BOOK EXCERPT

I lost my hearing overnight. Here's how I coped with my new silence

How does a music lover learn to live without sound? The answer for me: sensorial diversity

Published November 17, 2019 1:00PM (EST)

Birds in a backyard, feeding their babies (Getty Images)
Birds in a backyard, feeding their babies (Getty Images)

Excerpted with permission from "Life After Deaf: My Misadventures in Hearing Loss and Recovery" by Noel Holston. Copyright November 5, 2019 by Skyhorse Publishing, Inc.

Our bedroom was chilly when I slid out of bed and stumbled into the bathroom to relieve myself. It was the beginning of my winter daybreak ritual: Get up. Relieve. Wash hands. Clomp downstairs. Turn up thermostat. Turn on coffee maker. Feed cats.

But as I stood over the toilet in the nightlight’s blue glow, I heard no splash. “Hmm,” I murmured to myself.

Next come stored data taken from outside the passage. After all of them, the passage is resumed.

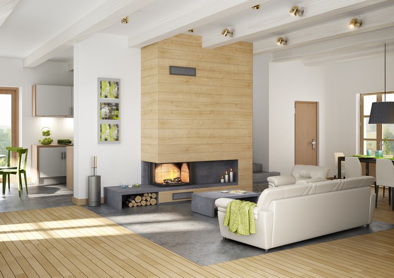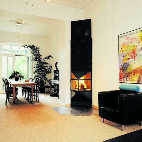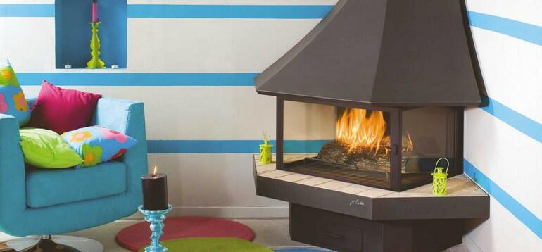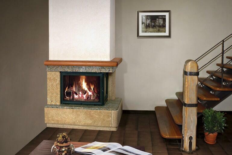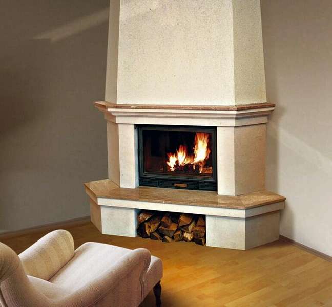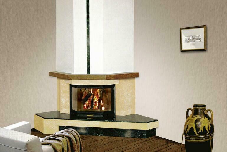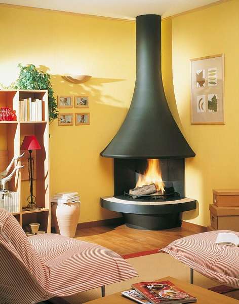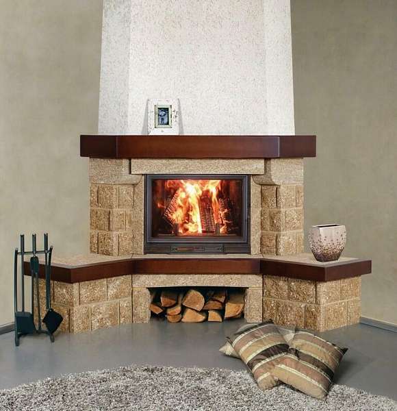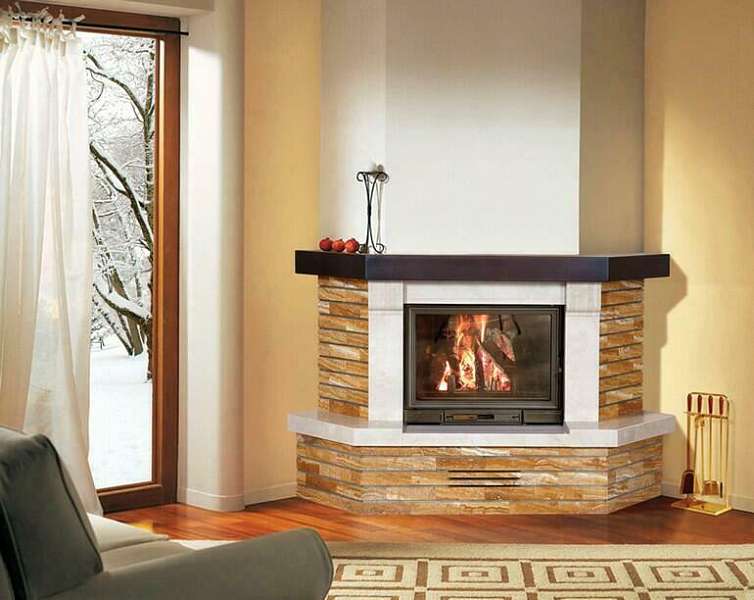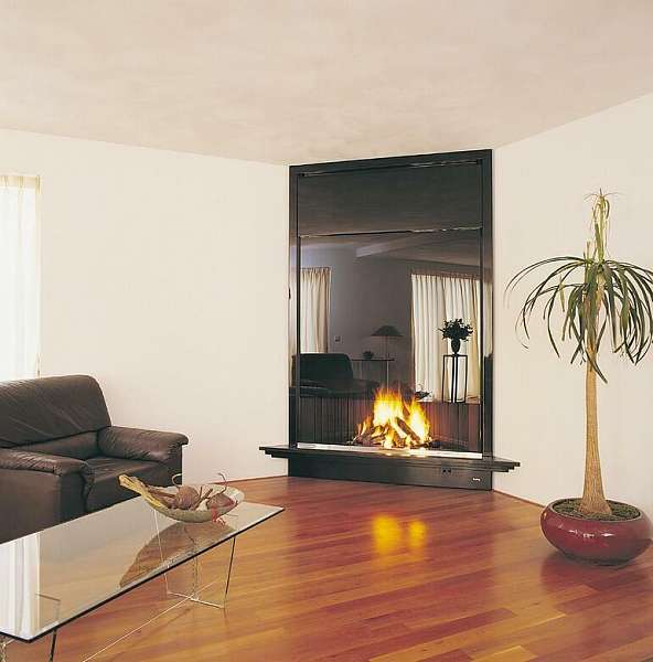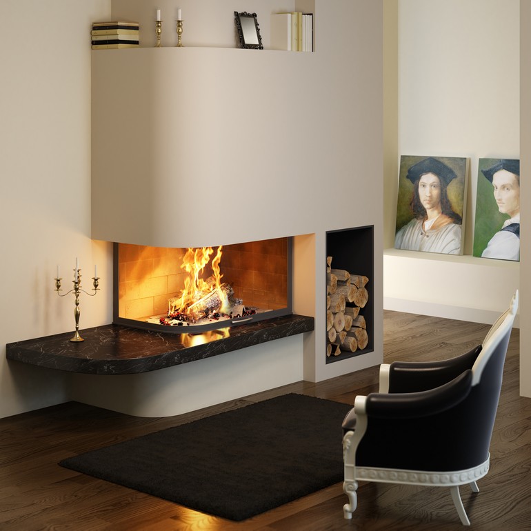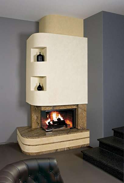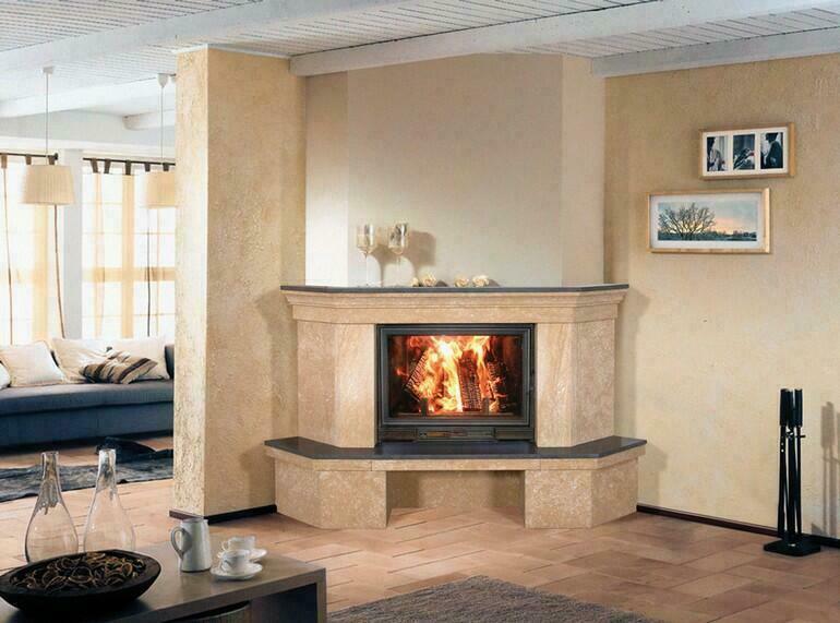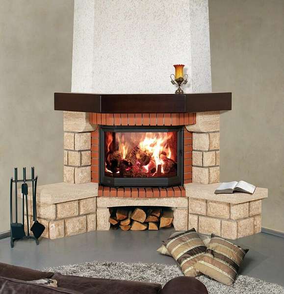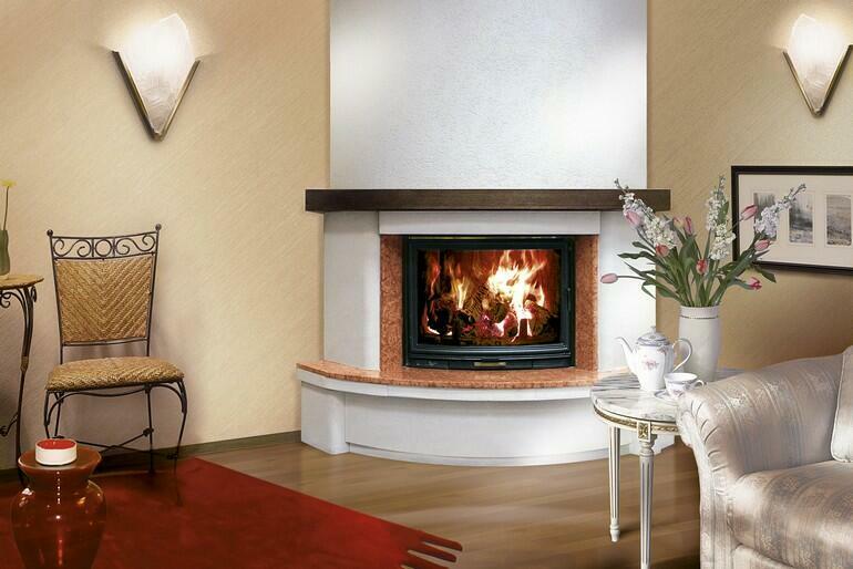 Камин, размещенный в углу, хорошо прогревает помещение. Тепловые лучи распределяются не на 180 градусов (как у приставных моделей), а всего лишь на 90. Поскольку любой камин направлен на локальный обогрев, то угловые модели выигрывают в плане дальности (расстояния) нагрева от очага. Благодаря этому, чувство тепла и уюта вы будете ощущать и на расстоянии нескольких метров. Как итог, можно с уверенностью сказать, что угловые камины это:
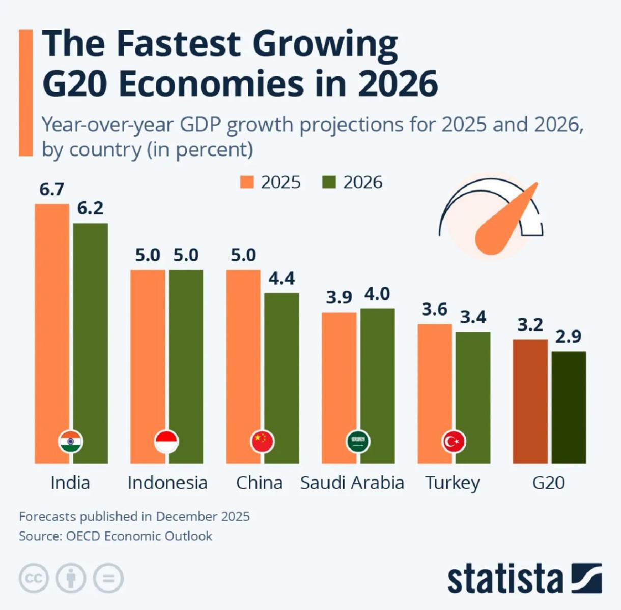 Посмотрим на прогнозы по экономическому росту на 2026 год - с одной стороны, настоящие спринтеры: Индия (+6,2%), Индонезия (+5%), Китай (+4,4%). Цифры впечатляют, но опытные экономисты смотрят на них с опаской. За такими темпами часто следует перегрев: инфляция взлетает, на рынках надуваются пузыри, а кредиты раздаются слишком легко. Управлять таким ростом — всё равно что вести спортивный болид на предельной скорости: одно неверное движение, и вместо рекорда — авария.
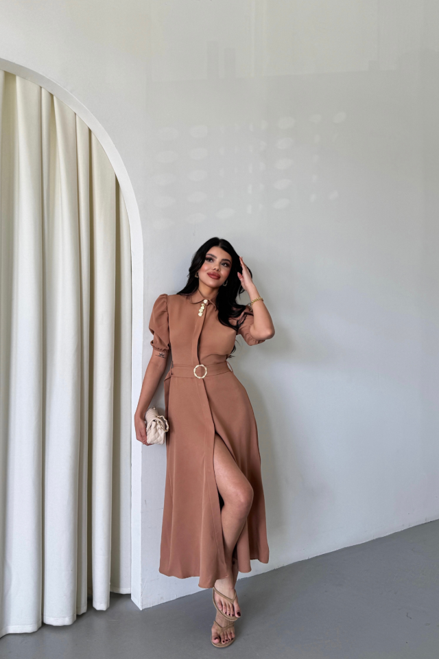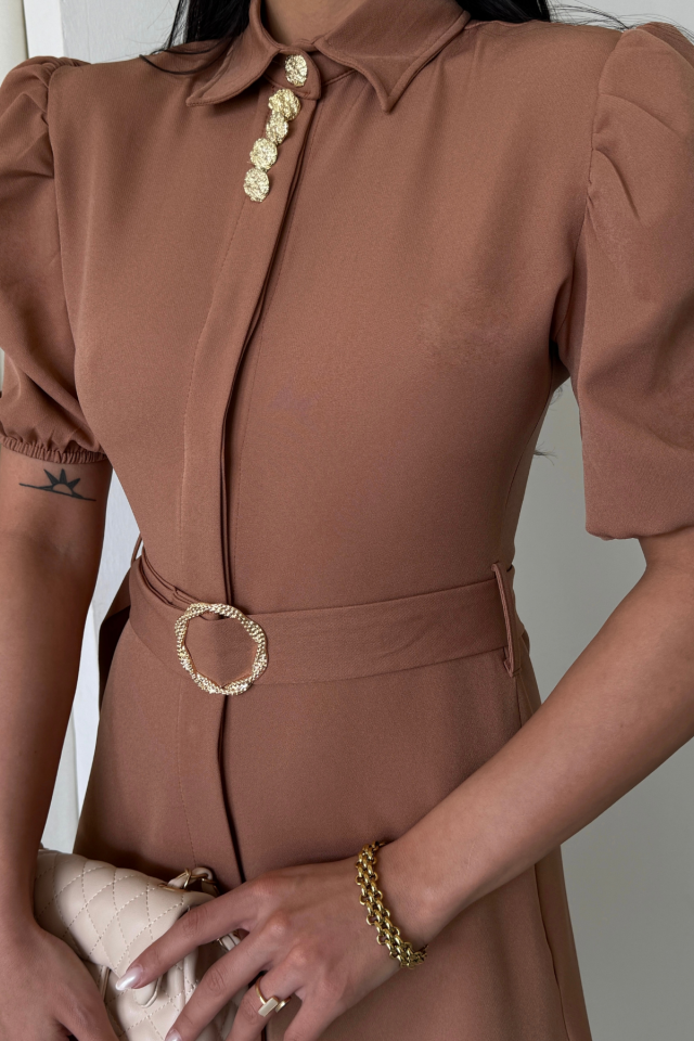 YAKA DÜĞME DETAYLI ELBİSE - Kahverengi
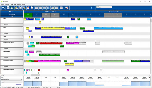 Grafisk Planering är ett verktyg som grafiskt visar företagets produktionsflöde. Modulen bildar samtidigt ett effektivt skyddsnät om det skulle uppstå en produktionsstörning. Snabbt och med bibehållen överblick kan du organisera om produktionen.
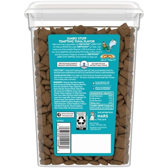 Temptations Jumbo Stuff Tempting Tuna Flavor Crunchy And Soft Dry Cat Treats, 14 Oz Tub: Cats love the delicious taste of Temptations Classic Cat Treats, so give your cat more of what they love with Temptations Jumbo Stuff Tempting Tuna Flavor Cat Treats. Just shake the pack, and they’ll come running. Each of these tasty tuna flavor cat treats is 2 calories and provides an irresistible combination of both crunchy and soft textures. These cat treats also come in a resealable, value-sized tub, so your feline friend can enjoy their favorite cat snacks when you open them, but not when they shouldn’t! Temptations Jumbo Stuff cat treats are the perfect large treat addition to your cat’s regular feeding routine - use them as a treat, a meal, or a cat food topper. Temptations Jumbo Stuff cat treats are the purr-fect way to show your feline friend how much you care.
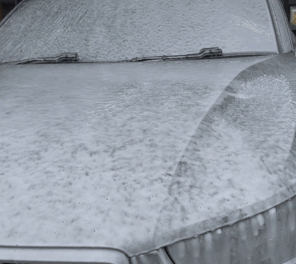 まずは3PH洗車から行います。アルカリ性、酸性、中性シャンプーを吹き掛けてお車の汚れを浮かせていきます。
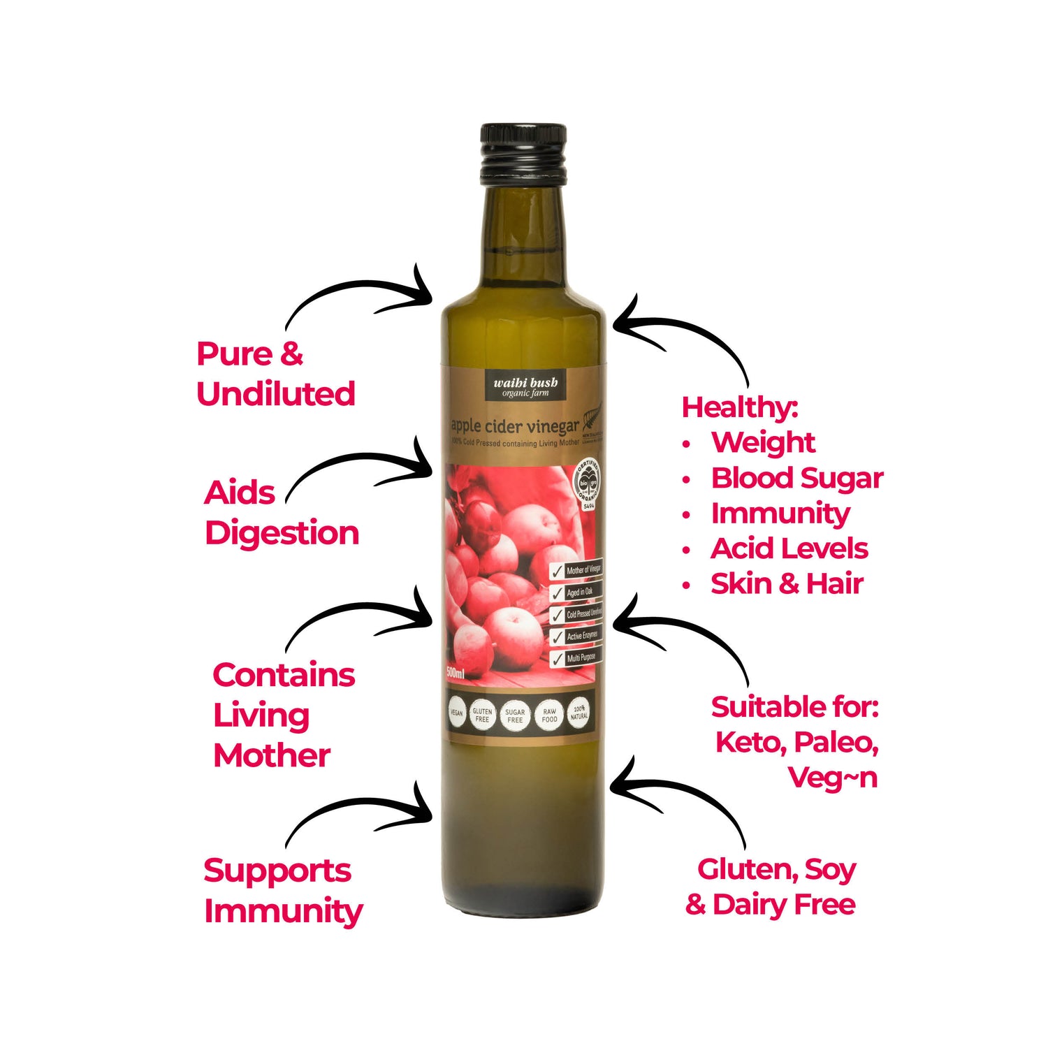 Containing 'the mother' and 100% pure New Zealand whole table grade apples that are cold processed to make our apple cider vinegar is a stunning addition to your kitchen.
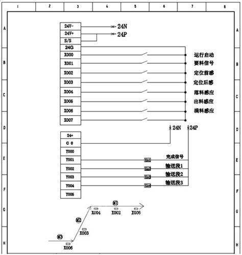控制要求:啟動(dòng)送電線輸送線X0,人工把包扎好的電線放入輸送線3,滿料X6感應(yīng)后延時(shí)停止;輸送線1首先準(zhǔn)備好接料(X2感應(yīng)即停止),當(dāng)X4入口未感應(yīng)時(shí)輸送線2啟動(dòng),輸送線2運(yùn)行直至X4感應(yīng)后停止(X3感應(yīng)即停止);輸送線1在X4感應(yīng)后啟動(dòng),步進(jìn)1格(X2感應(yīng)即停止),直至物料到出口X5有感應(yīng)后停止;包裝總線發(fā)出指令X1要料信號,輸送線1前進(jìn)1格,把X5感應(yīng)到的物料放到總包裝線上,輸出完成信號Y1。
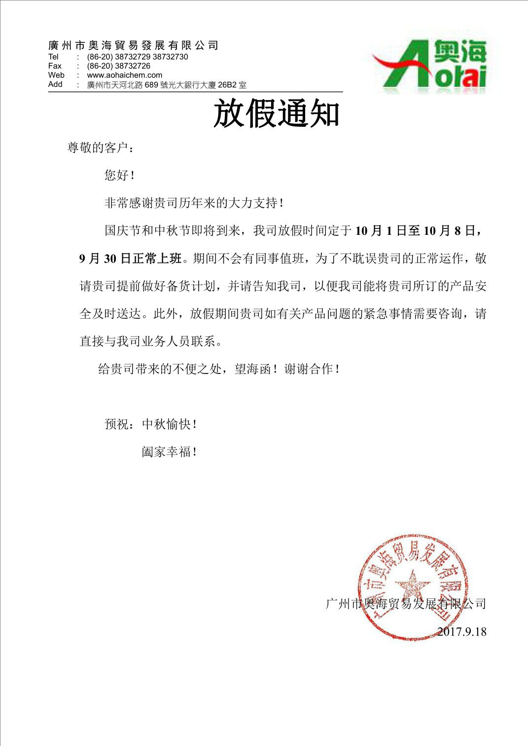 2017年廣州市(shì)奧海公司中秋國慶放(fàng)假通知
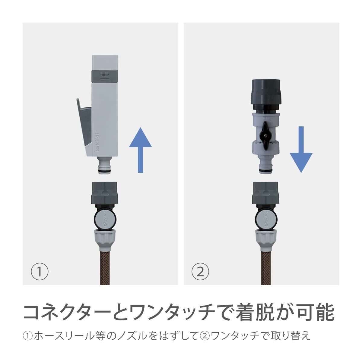 ホースリールと洗車ブラシや洗車スポンジの接続に便利なコック付きのコネクターです。切替コックで通水・止水の切り替えができます。タカギ製のコネクターとワンタッチで着脱が可能です。
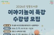 (포탈뉴스통신) 양평군은 새 학기를 맞아 양동도서관에서 초등학생을 대상으로 운영하는 ‘이야기 놀이 특강’의 수강생을 오는 22일부터 26일까지 모집한다고 밝혔다. 이번 특강은 옛 설화 속 주인공이 되어 또래와 협력해 이야기를 만들어 보는 스토리텔링 프로그램이다. 시나리오 속에서 나만의 캐릭터를 만들고 싶은 초등학교 3~6학년 학생이라면 누구나 신청할 수 있다. 강좌는 3월 11일 오후 3시 30분부터 약 3시간 동안 참여형 프로그램으로 진행되며, 장소는 양동도서관 3층 강의실이다. 전진선 양평군수는 “앞으로 양동도서관이 어린이들에게 다양한 독서문화 프로그램을 제공하고, 이번 특강이 초등학생들의 문해력 향상에 도움이 되기를 바란다”고 전했다. [뉴스출처 : 경기도 양평군]
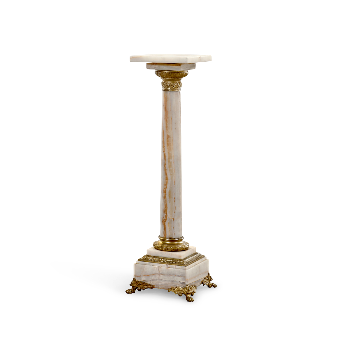 Marmi, alabastro e bronzo dorato, su base quadrangolare con quattro piedi ferini.
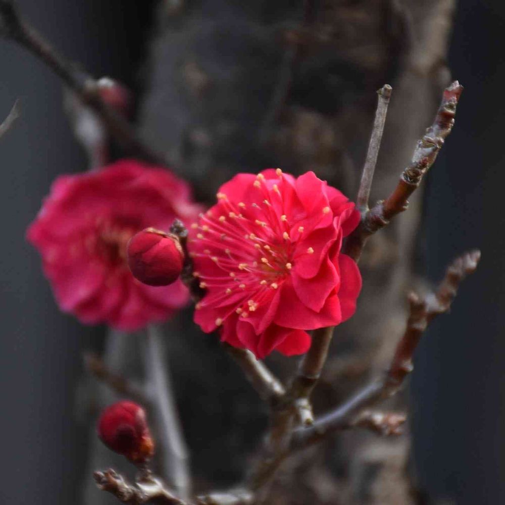 【研究学園の花々】2022年2月19日、筑波ハムつくば陣屋にひっそりと紅梅が咲いていました!

The hmm was inaudible, too. I stepped over to the sink and turned the handle. The water I saw rushing from the faucet was a silent stream. “Hmm,” I murmured again.

I surveyed my face in the medicine cabinet mirror. I watched my left hand as I reached up and rubbed my left ear. The sound it made was faint, distant, and dull as cotton. I rubbed my right ear with my right hand. Nothing. Nothing at all.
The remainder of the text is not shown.